If all tokens matched, the second part is simply the next token the target model would have generated anyway.

In [7]:
print("--- Step 4: Constructing the final accepted sequence for this step ---")

# 1. Take all the tokens that matched
accepted_ids = draft_candidate_ids[0, :num_matched_tokens]

# 2. Take the target's token at the next position 
# (This is either the correction at the mismatch point, or the next token if all matched)
if num_matched_tokens < target_preferred_ids.shape[1]:
    next_token = target_preferred_ids[0, num_matched_tokens].unsqueeze(0)
    final_accepted_ids = torch.cat([accepted_ids, next_token], dim=0)
else: # This case is rare, means we ran out of target preferences
    final_accepted_ids = accepted_ids

print(f"Matched Tokens Accepted: '{tokenizer.decode(accepted_ids)}'")
if num_matched_tokens < target_preferred_ids.shape[1]:
    print(f"Correction/Extension Token: '{tokenizer.decode(next_token)}'")

# Update our full context
new_context_ids = torch.cat([current_context_ids, final_accepted_ids.unsqueeze(0)], dim=1)

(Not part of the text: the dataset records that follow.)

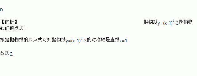 D 【解析】抛物线y=(x-1)2-3是抛物线的顶点式, 根据抛物线的顶点式可知抛物线y=(x-1)2-3的对称轴是直线x=1. 故选C.
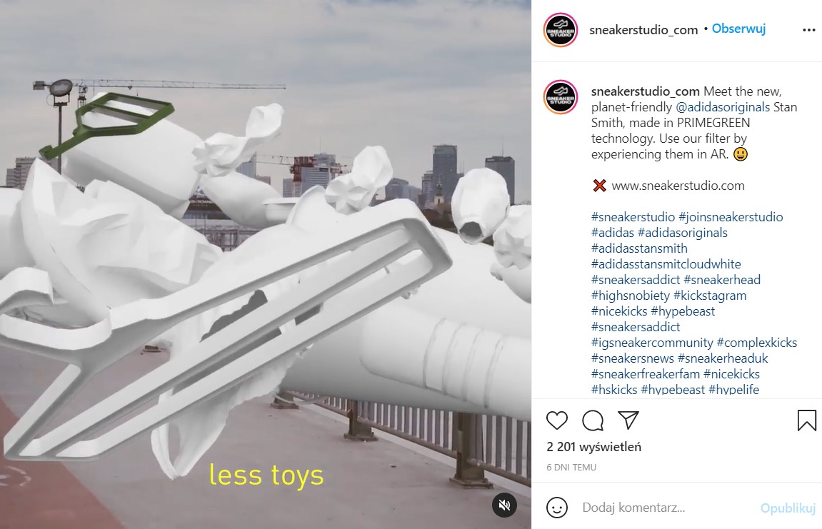 Razem z nowo powstałym warszawskim salonem sklepu SneakerStudio adidas postanowił przenieść swój manifest o zredukowaniu zużycia plastiku do świata rzeczywistości rozszerzonej. Na potrzeby kampanii powstał instagramowy filtr AR, dzięki któremu można zobaczyć ten kultowy model w niecodziennej odsłonie. Już na początku maja w stolicy pojawią się citylighty, które za pomocą smartfona pokażą przechodniom niezwykłą ekspozycję z wirtualnych plastikowych odpadów, które pod odpowiednią perspektywą ułożą się w sylwetkę legendarnego buta Stan Smith.
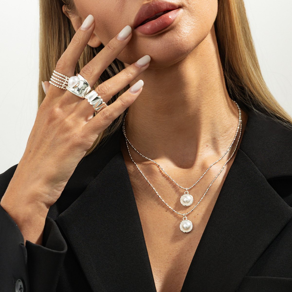 European and American Cross-Border Jewelry Design Imitation Pearl Acrylic Pendant Necklace Ins Style Simple Double-Layer Thin Clavicle Chain

print("\n--- SUMMARY OF THIS STEP ---")
print(f"Tokens generated this step: {len(final_accepted_ids)} -> '{tokenizer.decode(final_accepted_ids)}'")
print(f"Target Model expensive calls: 1")
print(f"New Context: '{tokenizer.decode(new_context_ids[0])}'")

--- Step 4: Constructing the final accepted sequence for this step ---
Matched Tokens Accepted: ' is to use a'
Correction/Extension Token: ' single'

--- SUMMARY OF THIS STEP ---
Tokens generated this step: 5 -> ' is to use a single'
Target Model expensive calls: 1
New Context: 'There are different ways to optimize LLM inference. One is to use a single'


## 5. Conclusion

And that's the core loop! In this single step, we generated **multiple tokens** but only paid the high computational cost of the `gpt2-medium` model **once**. 

The potential for a 2-3x speedup comes from this simple fact: if the small draft model is a reasonably good guesser, we can accept many of its tokens in parallel, breaking the one-token-at-a-time bottleneck of traditional autoregressive generation. And because the powerful target model always gets the final say, there is **no loss in output quality**.

In [9]:
# Clean up models from memory
del target_model
del draft_model
if torch.cuda.is_available():
    torch.cuda.empty_cache()
    print("\nCleaned up models and emptied CUDA cache.")


Cleaned up models and emptied CUDA cache.